China is not the Soviet Union. It will not buckle economically from a failed war and an arms race, as the Soviet Union did. The solutions that worked against Moscow may not work against China, not least because Beijing can read history books, too.
But given the reality that we are in a long-term conflict, there’s one imperative demand: not becoming dependent on China for strategic supplies. China is doing its best to be strategically independent of U.S. technology, especially militarily. The West must likewise develop strategic independence of Chinese technology, value chains, and manufacturing. Asymmetrical leverage over Western economies and over defensive capabilities invites disaster. A stable balance of deterrence staved off calamity during the face-off with the Soviet Union. It can do so again with China.
Providing a path out of conflict means drawing clear red lines on what is acceptable and what is not in this new competition—and what steps would eventually lead to conflict. Ambiguity will court escalation. Escalation can get out of hand quickly. Noninterference in democracies would make China an acceptable global partner and allow the United States to coexist in spite of myriad hostile state actions. Current hostilities in terms of economic and cyberwarfare, especially with targets including the U.K. Electoral Commission and U.S. military installations, carry a long-tailed risk of escalation. But the West has already shown that it is not willing to escalate these offenses beyond condemnation—which is probably the best we can do.
The only clear case where strategic ambiguity has worked so far is in the U.S. position vis-à-vis Taiwan. And in that case, the policy can remain standing so as to not give the Taiwanese perverse incentives or stir unnecessary worries. But in all other cases, if the United States fears some move or another by China, then it should spell out its fears explicitly and say in advance exactly what costs it is prepared to impose for crossing that line. Clear rules of engagement were beneficial in conflict management in the Cold War. They will be useful in the next one.

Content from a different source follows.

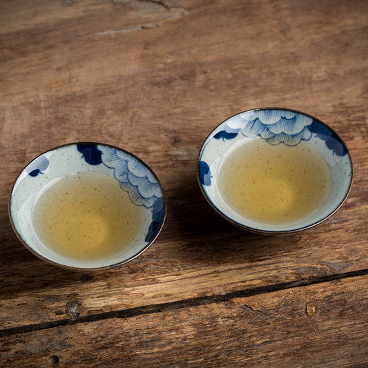 Wood-Fired Gongfu Tea Cups, Hand Painted Blue White Pu-erh Tea Cup 70ml /2.5oz, Chinese tea Cups, 2 Styles, Gift for Kungfu Tea Lovers

This prospect should worry Westerners. It should sharpen our minds and our reflexes. But appeasement is neither a useful nor moral option. We must be clearheaded about the actions needed to avoid unnecessary escalation into direct military confrontation, a hot war.

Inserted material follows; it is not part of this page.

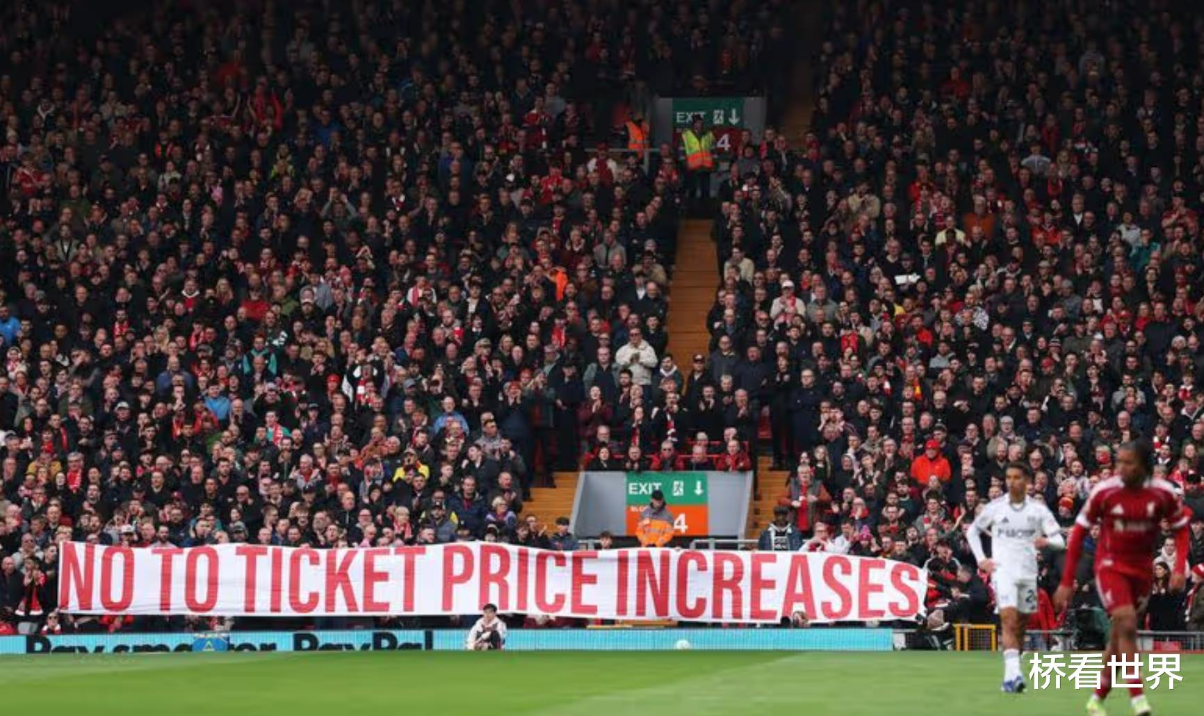 除了看台上的无声抗议,利物浦球迷们还在比赛中打出巨型横幅,清晰写着:“反对球票涨价”。

The Cold War was a frightening time. But it was better managed than we may think. War was avoided. There was no hot war—just as there must not be now. Indeed, China is not funding hot proxy wars in the way the Soviet Union was during the Cold War. Unlike Iran’s colonial ambitions in the Middle East or the Soviet Union’s ideological battle, China’s goals are more solipsistic but no less frighteningly sincere.
And in that sense at least, a “Cold War mentality”—in government, among scholars, within our militaries—might be just what is needed to avoid an instinctual appeasement or its grim double: uncontrolled escalation. We must be prepared to call this new cold war accurately and act accordingly.